ASSIGNMENT => Everything in the data should be repeated exactly, save for the images.
◆ ◆ ◆ ◆ ◆
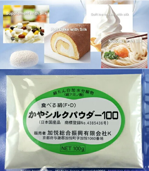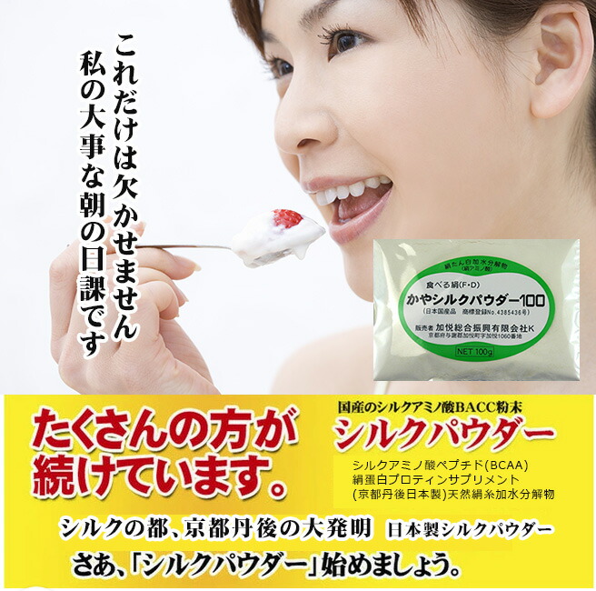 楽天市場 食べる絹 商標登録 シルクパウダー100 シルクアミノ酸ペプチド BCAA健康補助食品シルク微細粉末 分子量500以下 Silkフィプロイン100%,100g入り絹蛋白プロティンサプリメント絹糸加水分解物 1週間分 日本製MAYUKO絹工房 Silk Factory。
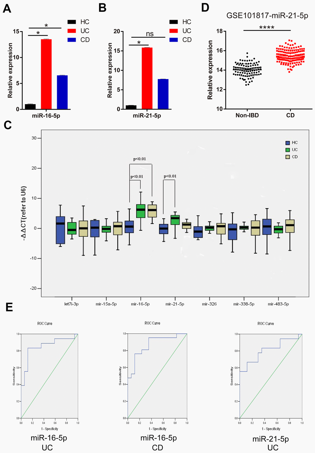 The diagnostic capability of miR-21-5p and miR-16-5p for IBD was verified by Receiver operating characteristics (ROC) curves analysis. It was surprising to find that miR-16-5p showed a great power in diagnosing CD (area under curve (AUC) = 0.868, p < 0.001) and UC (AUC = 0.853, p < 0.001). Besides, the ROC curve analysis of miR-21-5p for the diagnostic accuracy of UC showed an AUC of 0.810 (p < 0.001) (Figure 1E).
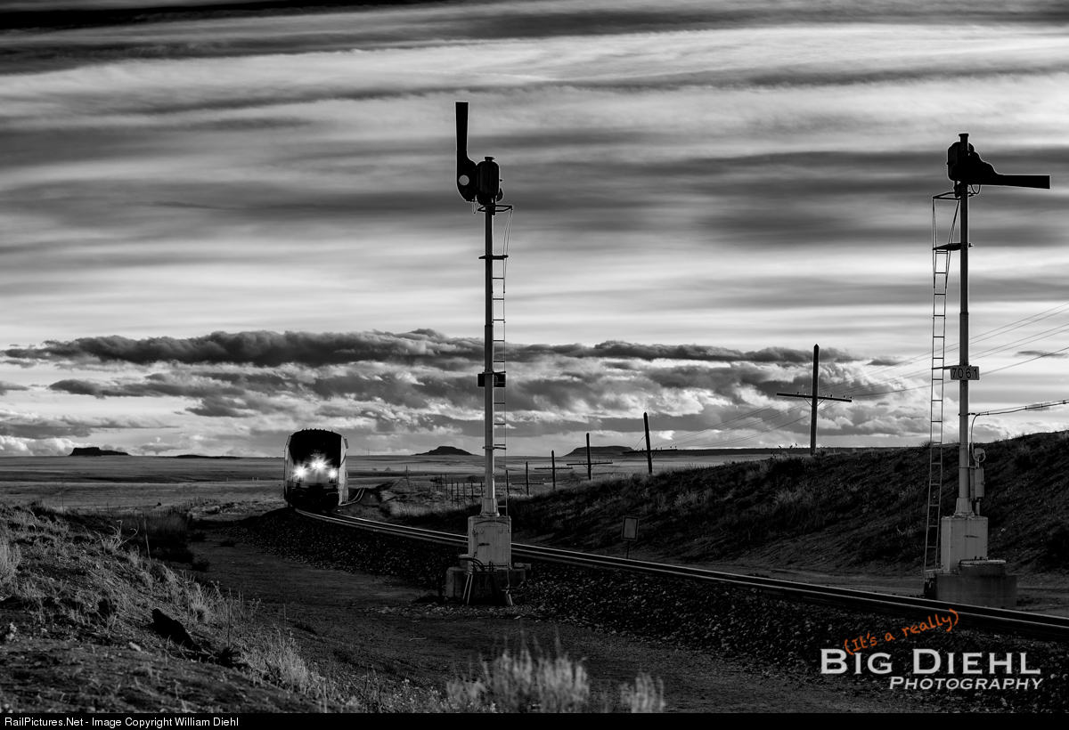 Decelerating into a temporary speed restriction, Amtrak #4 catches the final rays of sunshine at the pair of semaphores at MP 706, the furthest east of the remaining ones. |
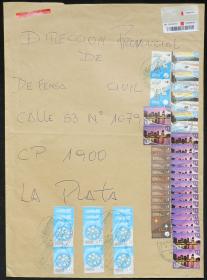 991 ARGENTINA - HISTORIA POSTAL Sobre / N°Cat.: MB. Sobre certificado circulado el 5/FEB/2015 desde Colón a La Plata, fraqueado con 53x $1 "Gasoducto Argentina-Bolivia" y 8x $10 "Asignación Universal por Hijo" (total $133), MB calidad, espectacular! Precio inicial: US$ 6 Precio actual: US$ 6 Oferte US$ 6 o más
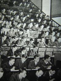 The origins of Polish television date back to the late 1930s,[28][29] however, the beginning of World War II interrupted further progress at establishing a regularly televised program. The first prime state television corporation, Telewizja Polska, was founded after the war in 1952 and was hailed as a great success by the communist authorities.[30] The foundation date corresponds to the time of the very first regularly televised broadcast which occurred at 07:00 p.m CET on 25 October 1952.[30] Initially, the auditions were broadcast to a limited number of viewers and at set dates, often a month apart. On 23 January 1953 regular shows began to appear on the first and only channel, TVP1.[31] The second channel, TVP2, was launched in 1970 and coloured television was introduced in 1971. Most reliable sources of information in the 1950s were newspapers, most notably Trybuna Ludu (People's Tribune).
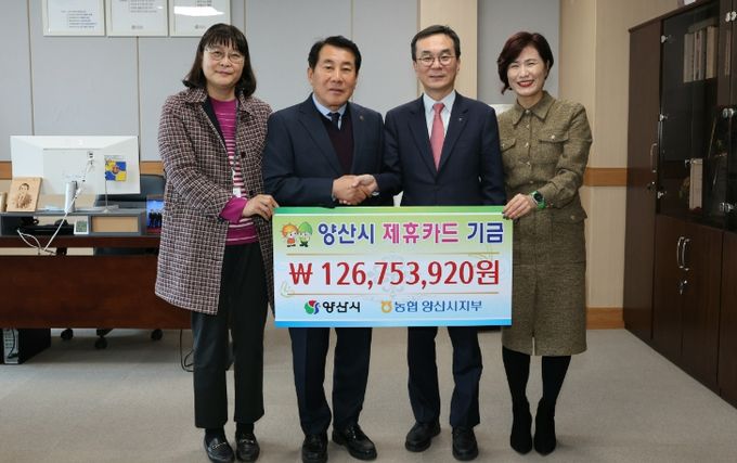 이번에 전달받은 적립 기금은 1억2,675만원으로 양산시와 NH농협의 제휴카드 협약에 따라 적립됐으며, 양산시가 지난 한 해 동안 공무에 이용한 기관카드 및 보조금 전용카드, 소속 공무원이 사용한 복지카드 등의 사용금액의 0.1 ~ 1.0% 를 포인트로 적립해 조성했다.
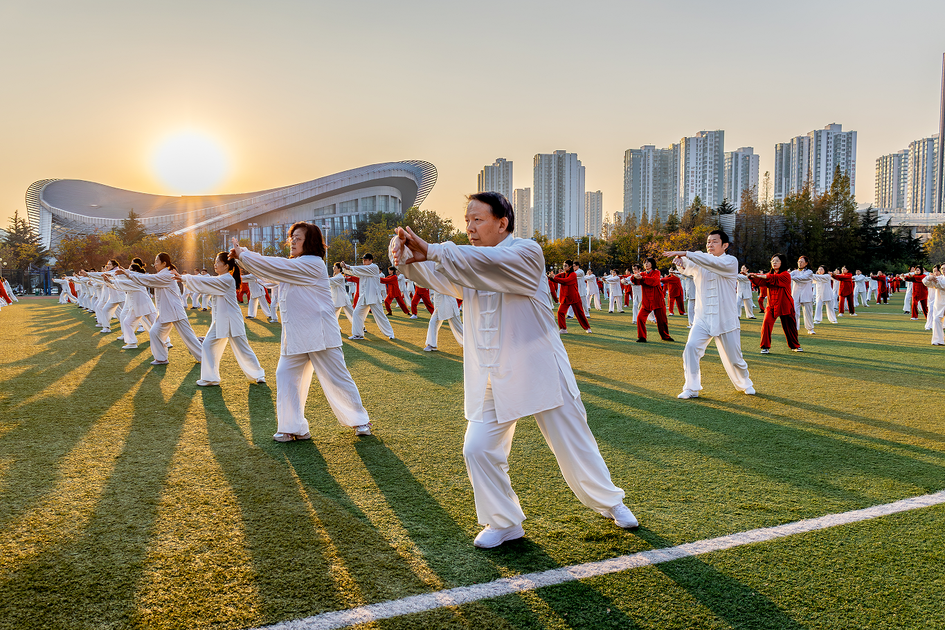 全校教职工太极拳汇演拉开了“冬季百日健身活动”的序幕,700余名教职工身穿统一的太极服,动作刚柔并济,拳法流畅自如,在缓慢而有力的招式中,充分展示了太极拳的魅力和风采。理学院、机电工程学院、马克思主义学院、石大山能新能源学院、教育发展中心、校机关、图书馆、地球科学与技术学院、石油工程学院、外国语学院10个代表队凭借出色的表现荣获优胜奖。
◆ ◆ ◆ ◆ ◆
TASK SOLUTION =>
 楽天市場 食べる絹 商標登録 シルクパウダー100 シルクアミノ酸ペプチド BCAA健康補助食品シルク微細粉末 分子量500以下 Silkフィプロイン100%,100g入り絹蛋白プロティンサプリメント絹糸加水分解物 1週間分 日本製MAYUKO絹工房 Silk Factory。
 The diagnostic capability of miR-21-5p and miR-16-5p for IBD was verified by Receiver operating characteristics (ROC) curves analysis. It was surprising to find that miR-16-5p showed a great power in diagnosing CD (area under curve (AUC) = 0.868, p < 0.001) and UC (AUC = 0.853, p < 0.001). Besides, the ROC curve analysis of miR-21-5p for the diagnostic accuracy of UC showed an AUC of 0.810 (p < 0.001) (Figure 1E).
 Decelerating into a temporary speed restriction, Amtrak #4 catches the final rays of sunshine at the pair of semaphores at MP 706, the furthest east of the remaining ones. |
 991 ARGENTINA - HISTORIA POSTAL Sobre / N°Cat.: MB. Sobre certificado circulado el 5/FEB/2015 desde Colón a La Plata, fraqueado con 53x $1 "Gasoducto Argentina-Bolivia" y 8x $10 "Asignación Universal por Hijo" (total $133), MB calidad, espectacular! Precio inicial: US$ 6 Precio actual: US$ 6 Oferte US$ 6 o más
 The origins of Polish television date back to the late 1930s,[28][29] however, the beginning of World War II interrupted further progress at establishing a regularly televised program. The first prime state television corporation, Telewizja Polska, was founded after the war in 1952 and was hailed as a great success by the communist authorities.[30] The foundation date corresponds to the time of the very first regularly televised broadcast which occurred at 07:00 p.m CET on 25 October 1952.[30] Initially, the auditions were broadcast to a limited number of viewers and at set dates, often a month apart. On 23 January 1953 regular shows began to appear on the first and only channel, TVP1.[31] The second channel, TVP2, was launched in 1970 and coloured television was introduced in 1971. Most reliable sources of information in the 1950s were newspapers, most notably Trybuna Ludu (People's Tribune).
 이번에 전달받은 적립 기금은 1억2,675만원으로 양산시와 NH농협의 제휴카드 협약에 따라 적립됐으며, 양산시가 지난 한 해 동안 공무에 이용한 기관카드 및 보조금 전용카드, 소속 공무원이 사용한 복지카드 등의 사용금액의 0.1 ~ 1.0% 를 포인트로 적립해 조성했다.
 全校教职工太极拳汇演拉开了“冬季百日健身活动”的序幕,700余名教职工身穿统一的太极服,动作刚柔并济,拳法流畅自如,在缓慢而有力的招式中,充分展示了太极拳的魅力和风采。理学院、机电工程学院、马克思主义学院、石大山能新能源学院、教育发展中心、校机关、图书馆、地球科学与技术学院、石油工程学院、外国语学院10个代表队凭借出色的表现荣获优胜奖。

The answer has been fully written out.